Being delivery people it was important for us to have a plan and establish ways of working, including approach, objectives and agreed platforms and tools. We were effectively our first test case for collaboration.

As well as improving how we worked we knew we wanted to use this exercise to get to know the people and the skills behind the job titles and to foster closer working relationships, developing shared practices for delivery. This meant consulting as many people and teams as we could.

First we did the following:

  • Agreed on and used Trello to track our activities
  • Agreed on and used Confluence for documentation, including our roadmap
  • Agreed which departments we wanted to speak to (though, naturally this grew as the more we spoke to people the more recommendations we received of who to speak to)
  • Created and agreed to follow a communication plan, to inform others both inside and outside of our organisation of our progress, including internal Show & Tells and external blog entries
Trello activity board

At this stage it might have also have been a good idea to work out who does what and divide up the work equally. Fortunately however, Beatriz and I share a similar mindset and approach to work, which meant we could be a little less structured and approach our ways of working more organically.

We were also very conscious and sensitive to the fact that we were new to the organisation and didn’t want to be seen as being authoritative or overstretching our boundaries.

Whilst constructing our approach to the project and its objectives we made sure to check-in and sense-check what we were thinking with more tenured people in our departments.

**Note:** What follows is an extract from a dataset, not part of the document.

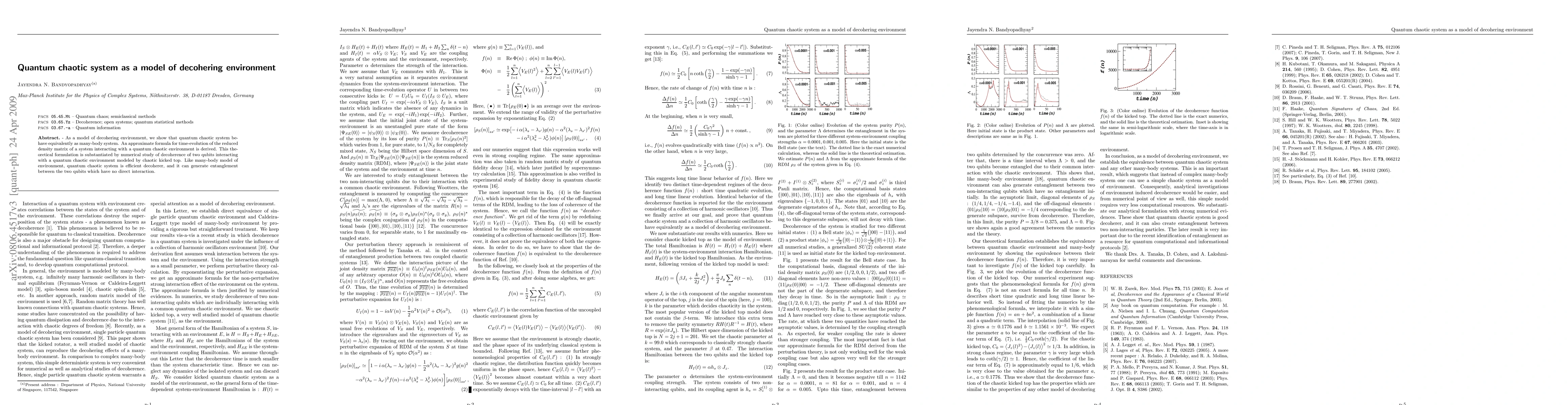 This paper proposes a quantum chaotic system as a model for a decohering environment, demonstrating its equivalence to many-body systems in terms of decoherence. It derives an approximate formula for the time evolution of the reduced density matrix and supports the theory with numerical studies of two qubits interacting with a chaotic kicked top environment.
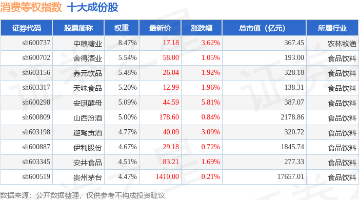 消费等权(000074)指数十大成份股详情如下:

For our objectives we collectively agreed to:

  1. Improve ways of working at a project level, so briefs are shared and agreed by teams, and projects start with a kick-off
  2. Record the skills and expertise of the BRC’s digital teams, so that everyone is informed of who does what
  3. Consult with PMO on project documentation, in order to avoid duplication and different approaches
  4. Collaborate more within the Information and Digital Technology (I&DT) directorate, so teams are informed and can plan effectively
Roadmap in Confluence

For our approach we first broke down all the project tasks we could think of and then spoke with teams including but not limited to Service Design (representing Service Design and User Research), PMO, Product, Architecture, Infrastructure, Development and CRM & Data.

Before we met representatives from these teams we approached them informally to introduce ourselves, what we were doing and why. We provided advanced access to the project tasks and roles and responsibilities we had so far, for review prior to our meeting.

Each meeting took 15-30 minutes. We verified that the roles and responsibilities we’d assumed were correct and asked how each team currently worked with our teams and questioned if this differed to how they would like to work with us in the future. If needed we set up follow up meetings.

The sessions were something to look forward to, somewhere we could meet our colleagues and find out a bit about them and how they like to work and begin to plan how we could get closer to our shared goal of greater collaboration.

We learnt a lot from these conversations and we shared our key insights with the wider directorate in our first internal Show & Tell earlier this month. We learnt:

  1. There is a desire to meet more regularly as a wider team, so that people can be informed of work early on and work more collaboratively
  2. There is a gap in our skillset which means some roles, like Service Designer or Back-End Developer, have additional responsibilities, like User Research and Quality Assurance respectively
  3. That some roles share some of the same responsibilities, like Business Analyst and Service Designer, or Service Designer and User Experience Designer

Not all the discoveries we’ve made are in our remit to action, but what we have done is set up a monthly meeting with representatives from all the teams we spoke to and created a forum where we can get together, share what we’re working on and troubleshoot as a cross-functional group.

This is only the start however and there are still more teams to speak to, project sizing co-design exercises to undertake and what will potentially be our trickiest task — preparing a capability matrix so that we have a library of digital skills available to all at the BRC. We’re looking forward to some rewarding challenges.